Co-founder Brook Hardy says the idea was the brainchild of four neighbors who met while walking their dogs. They live in a “transitional neighborhood,” she says, nestled between historic communities, Chapin Park and Riverside, and inner-city areas on the West Side.

“We have college professors,” Hardy says. “We have professionals. We have working class people. We have transient renters. We have people with PhDs. We have people with no high school degree.”

The neighbors wished their neighborhood had a café that could serve as a meeting place — somewhere that would welcome everyone. Hardy says their conversations turned from “somebody should do this” to “who would do this?” and “how would they do this?”

In 2013, they took matters into their own hands and opened a “pop-up” coffee shop for one day during a neighborhood festival.

It was a hit, so the four co-founders turned the pop-up operation into a regular, weekly meeting place. They incorporated into a nonprofit and took over space in the Near Northwest Neighborhood building.

Because all four co-founders have full-time jobs, it’s only open on the weekends. And in an effort to include all neighbors, coffee is priced not by the cup, but by customers’ willingness to pay.

Hardy says they were afraid high prices would turn off certain groups. She worried they’d say, “Oh, that snooty coffee shop. I don’t go in there; I don’t pay three dollars a cup for my coffee.”

Instead, Hardy says baristas tell new customers, “Your coffee has already been paid for by a neighbor. You can take it as a gift if you’d like, or you can pay it forward.” They encourage customers to drop any amount into a jar on the counter; some give 20 dollars each week, and some can only afford to throw in change.

“We welcome whatever it is that you can give, or if you want to take it as a gift, then we are happy with that.” Either way, Hardy says, “we’re going to welcome you equally.”

The shop makes a little more than enough to cover the cost of raw material.
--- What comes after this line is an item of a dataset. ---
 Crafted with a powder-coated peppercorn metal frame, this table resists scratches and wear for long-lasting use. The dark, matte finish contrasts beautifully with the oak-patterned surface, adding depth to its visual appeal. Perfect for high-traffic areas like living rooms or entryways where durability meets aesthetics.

They have free rent in the Near Northwest Neighborhood building and a grant from the Sisters of the Holy Cross paid for renovations and an internship program for teenagers.
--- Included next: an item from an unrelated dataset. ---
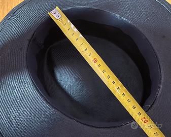 Cappello da donna, a tesa larga, con fascia a fiocco, colore blu, lavorazione sartoriale
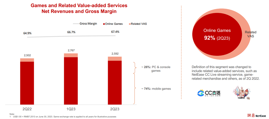 从两张表格数据中可以看到,游戏及相关增值服务是网易赚钱的主力,贡献接近9成。游戏及相关增值服务包含网易CC直播、游戏相关商品等,其中单纯在线游戏的收入占比始终保持在90%以上,在线游戏收入方面手游和端游的占比分别为74%和26%。

Interns earn an hourly wage, brew coffee and manage day-to-day operations. They also meet Tuesday nights for team-building, leadership training and to fine-tune their service.

All coffee beans are ethically-sourced. “We know that when we have Honduras coffee, that came from Rudy Carcamo’s farm in Honduras. We know his name, and we’ve seen photos of him,” Hardy says. They also know he earns a fair price when they buy from him — 150 percent better than if he were to sell fair-trade. “We want everything we do to be as ethical as possible, even if that’s for the local people that the coffee comes from, halfway across the world.”
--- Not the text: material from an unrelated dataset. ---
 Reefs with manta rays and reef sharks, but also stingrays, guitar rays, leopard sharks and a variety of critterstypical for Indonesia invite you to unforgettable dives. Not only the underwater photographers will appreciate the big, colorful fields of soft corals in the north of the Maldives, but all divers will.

Hardy is no stranger to the Near Northwest Neighborhood. “I grew up here and said, ‘I will leave this neighborhood as soon as I can, and I’m never coming back.’ And I did leave,” she says. “I moved far away.”

But by 2008, in the heart of the housing crisis, she found herself right back in the town where she grew up — the same streets where, as a child, she remembers neighbors selling their homes, fleeing to suburbs. Her mother, who still lives in the neighborhood, “weathered some pretty rocky times,” she says.

Hardy says since then, the mood has changed. “Even since we’ve been here in 2008, we’ve seen tremendous growth. It’s sort of like we’ve reached a tipping point,” she says.

The Local Cup buzzes with optimism for the future of the neighborhood. The walls are covered with paintings from local artists, a 55-and-older group has begun to meet for coffee every Sunday, neighbors have purchased local real estate — signing the papers over Local Cup joe — and a racially diverse group of about 75 filled the small shop for a slam poetry festival — the first of many, Hardy hopes.

“This neighborhood is a microcosm of a lot of the community issues we’re dealing with in the country — particularly around issues of income disparity, race,” Hardy says. “We face all of those in our neighborhood, as well as a really strong and deep desire to bridge those gaps and to create real and lasting community.”


IF YOU GO:

Address: 1009 Portage Avenue, South Bend

Hours: Saturday from 9 a.m. to 12 p.m. and Sunday from 2 p.m. to 4 p.m.